Plans to create a billion-pound urban village on the fringes of Grosvenor’s Liverpool One development were in disarray this week after the first phase of the project collapsed into administration.
The Windsor Group is proposing 3,000 homes alongside 70,000 sq ft of leisure, retail and offices overlooking Wapping Dock in Liverpool’s historic Baltic Triangle in what would be the city’s largest ever private housing development.
Work had begun on the £50m first phase on the former site of ship chandler Joseph Lamb Sons, comprising three blocks containing 340 apartments and underground parking.
However, the development site was finally abandoned this week after administrators were called in following a lengthy contractural dispute between Windsor and Laing O’Rourke.

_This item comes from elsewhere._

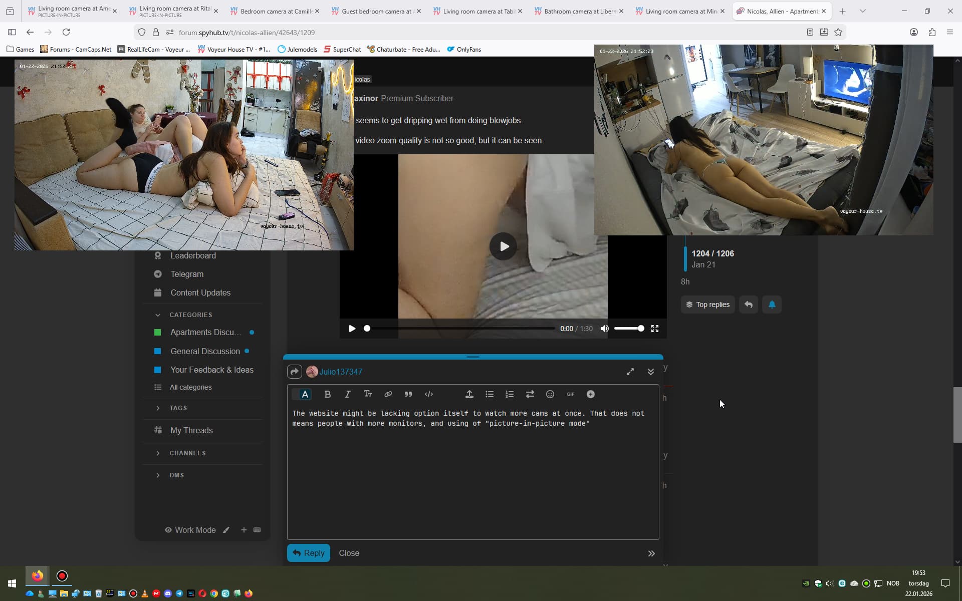 The website might be lacking option itself to watch more cams at once. That does not means people with more monitors, and using of “picture-in-picture mode” and other metode can not enjoy “360” view of something in a room.

Little work has been carried out at the site since last August when Laing O’Rourke removed almost 200 builders in a row believed to have been over the timing of payments by the developer.
Sources close to the development said the administrator would now seek a buyer for the partially finished site.
Speaking to the Liverpool Daily Post, Roger Darwin, director of Windsor Developments Liverpool, denied that the entire project had been placed in jeopardy: “Our interests in the Baltic Triangle are at an advanced stage of being restructured, and to this end we are bringing in additional partners.
“In the interim, by agreement with our bankers, an administrator as been appointed on the Hurst Street Project (phase one) to insure an orderly transition.
“This has no impact on any other of our projects within the Baltic Triangle. The Baltic Triangle projects are a huge enterprise to which we remain committed.”